The History of Blythefield Country Club
The Land & Course Designers
The land on which Blythefield Country Club stands was originally inhabited by the Muscatay and Hopewell Indians. The George Miller family was the first group of settlers on what is now Blythefield property. They farmed the land that is now the golf course and built a log cabin near the present clubhouse.
In 1920, financier Joseph Brewer bought most of the land known as Plainfield Village to create a country estate. Mr. Brewer built a country villa on the bluffs east of Northland Drive overlooking the river and built Blythefield Country Club across the road from his villa. The word “Blythefield” is derived from Old English and means quiet fields.

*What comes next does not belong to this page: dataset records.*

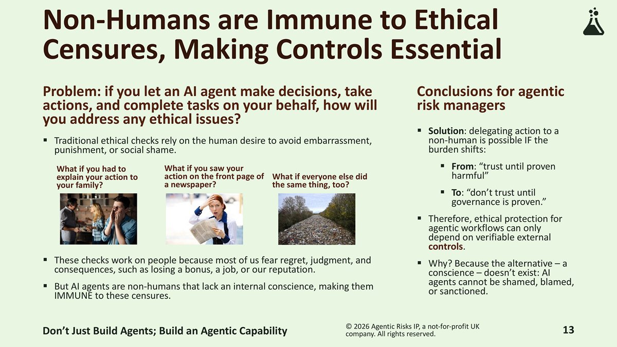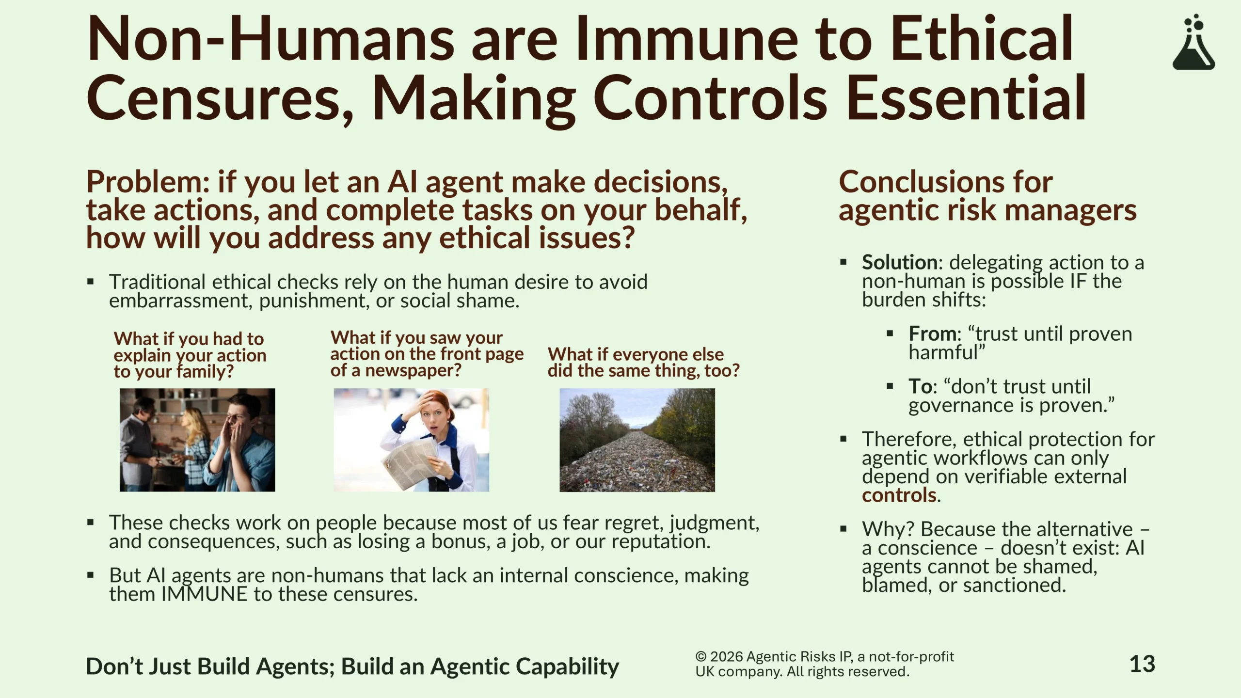 Ethical protection for agentic workflows can only depend on verifiable external controls. This is because AI agents cannot be shamed, blamed, or sanctioned, making them immune to ethical censures. As a result, when we delegate action to a non-human, we should shift from “trust until proven harmful” to “don’t trust until governance is proven.”
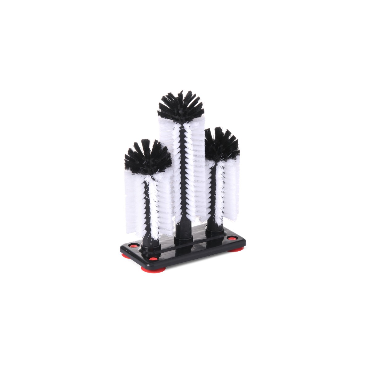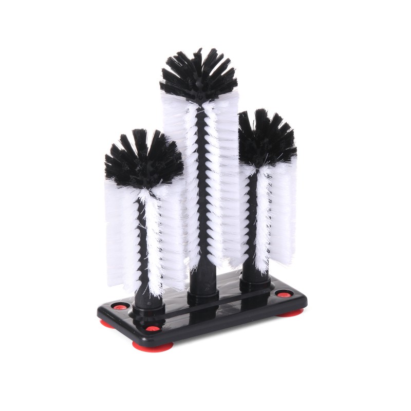 Plastica. Con 3 spazzole in nylon. Fondo con 4 ventose.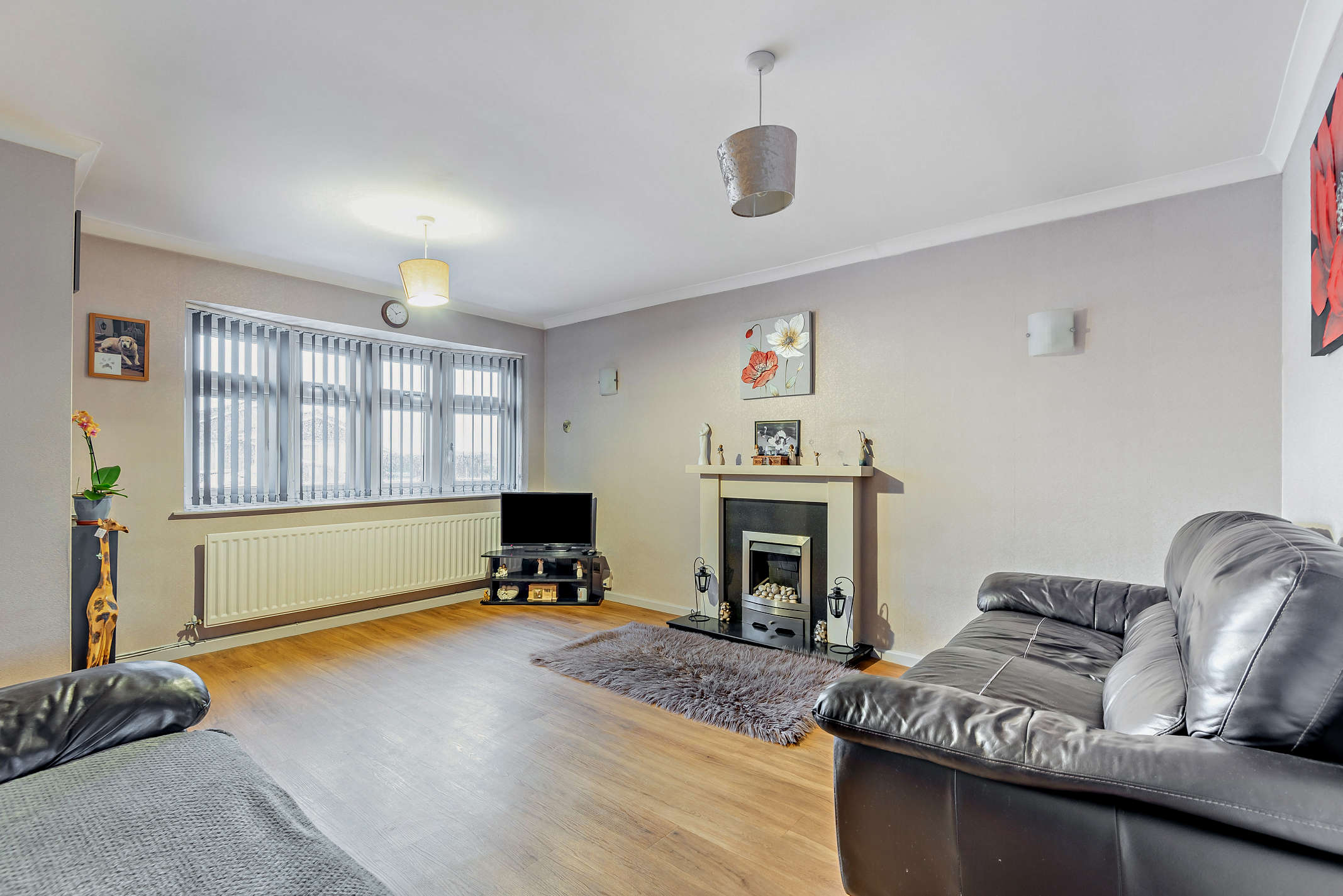 The spacious living room features a built-in fireplace, a front aspect bay window and laminated flooring.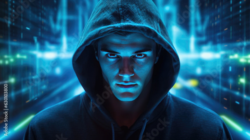 A photo showcases a hacker in a hoodie attempting to breach a digital barrier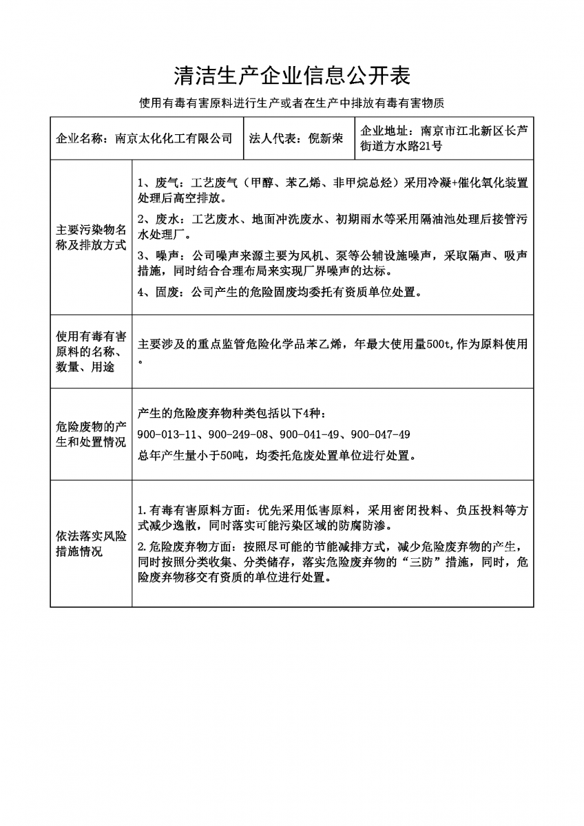 清洁生产企业信息公开表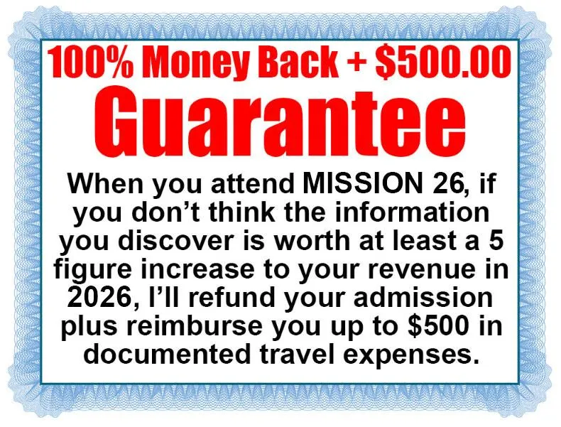 The only way I can afford to make such an unprecedented Guarantee is because I know the value of the amazing information we'll be sharing with you at MISSION 26!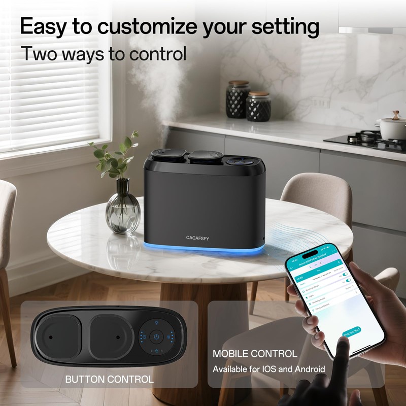 - CUSTOMIZABLE SCENTS VIA APP CONTROL - Easy to use your aroma diffuser in the palm of your hand.Button and App are available. With intutive button controls to adjust mist interval,2/4/8/12-hour timer and spray nozzle switch etc.More customizable multiple advanced schedules setting via ScentTech APP to achieve,including operating dates, specific times, mist intensity, working time and pause time.Available for both iOS and Android.

Blythefield’s time-tested golf course was a design of William B. Langford (1887-1977) and Theodore J. Moreau (1890-1942).
The formal opening of Blythefield on June 14, 1929, was highlighted by the attendance of many golf celebrities. In the dedication foursome were legend Walter Hagen, the first Masters Tournament winner Horton Smith, celebrated local golfer Morey Wells, and Blythefield’s first golf professional, Nick Webber. One of the caddies that day, Marvin Stahl, went on to become a Blythefield Country Club Golf Professional, club member, a member of the Board of Directors, the Club’s President and
a celebrated “teacher to the stars,” including crooner Bing Crosby.

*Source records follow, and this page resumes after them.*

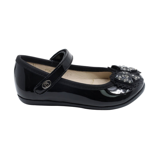 Zapato Coqueta para niña en charol negro Pampa con moño decorativo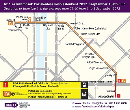 A fenti napokon, szeptember 1-jétől 9-éig minden este 21:40-től üzemzárásig 1V villamospótló autóbusz közlekedik a Bécsi út és a Puskás Ferenc Stadion között. A villamospótló autóbuszra az alábbi megállókban lehet felszállni: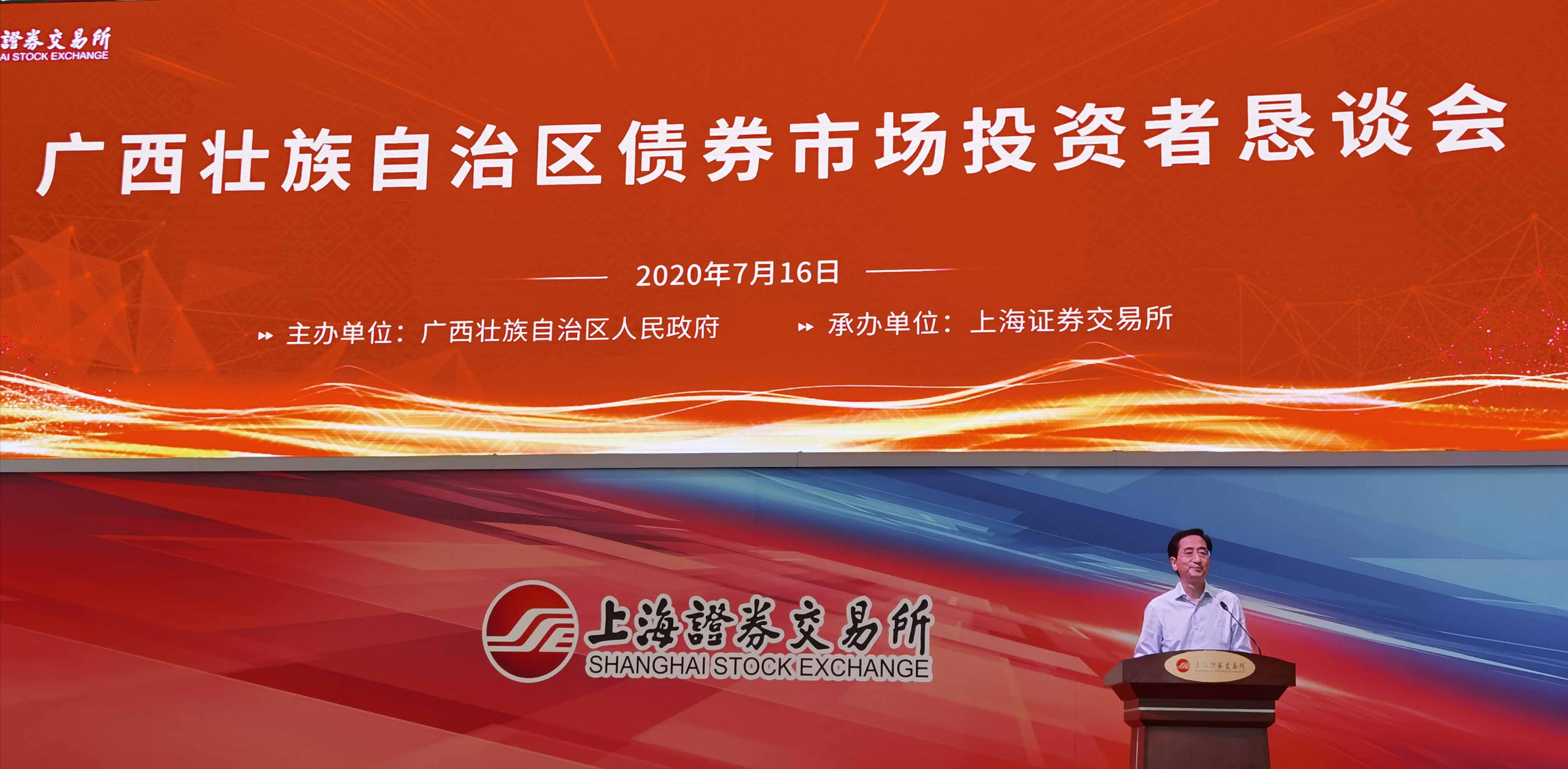 為貫徹落實《中共中央 國務(wù)院關(guān)于新時代推進西部大開發(fā)形成新格局的指導意見》,提升西部地區(qū)直接融資比例,切實提升廣西債券融資能力,助推廣西經(jīng)濟高質(zhì)量發(fā)展,廣西壯族自治區(qū)人民政府于2020年7月16日在上海證券交易所舉辦了廣西壯族自治區(qū)債券市場投資者懇談會。國泰君安證券、申港證券、交通銀行等國內(nèi)30余家金融機構(gòu)代表及廣西投資集團、北部灣投資集團、廣西物質(zhì)集團、柳州東城集團等20余家廣西區(qū)內(nèi)大型知名企業(yè)參加了本次懇談會。上海證券交易所黨委書記、理事長黃紅元(副部長級)出席會議,上海證券交易所副副總經(jīng)理劉紹統(tǒng)、廣西區(qū)人大常委會副主任張曉欽先后致辭發(fā)言,廣西金融監(jiān)管局、廣西財政廳負責人介紹了廣西債券發(fā)行工作情況。

Blythefield has hosted three Western Golf Association major tournaments – the 1953 Western Amateur, the 1961 Western Open, and the 2005 Western Junior. The course has also been the site of countless other United States Golf Association, Michigan PGA and Golf Association of Michigan events and national qualifiers.
The three major WGA events were won by Dale Morey, Arnold Palmer, and Rickie Fowler, respectively.
Blythefield is also the home of the Meijer LPGA Classic and has crowned players Mirim Lee from South Korea (2014), USA’s Lexi Thompson (2015) and Kim Sei-Young from South Korea (2016).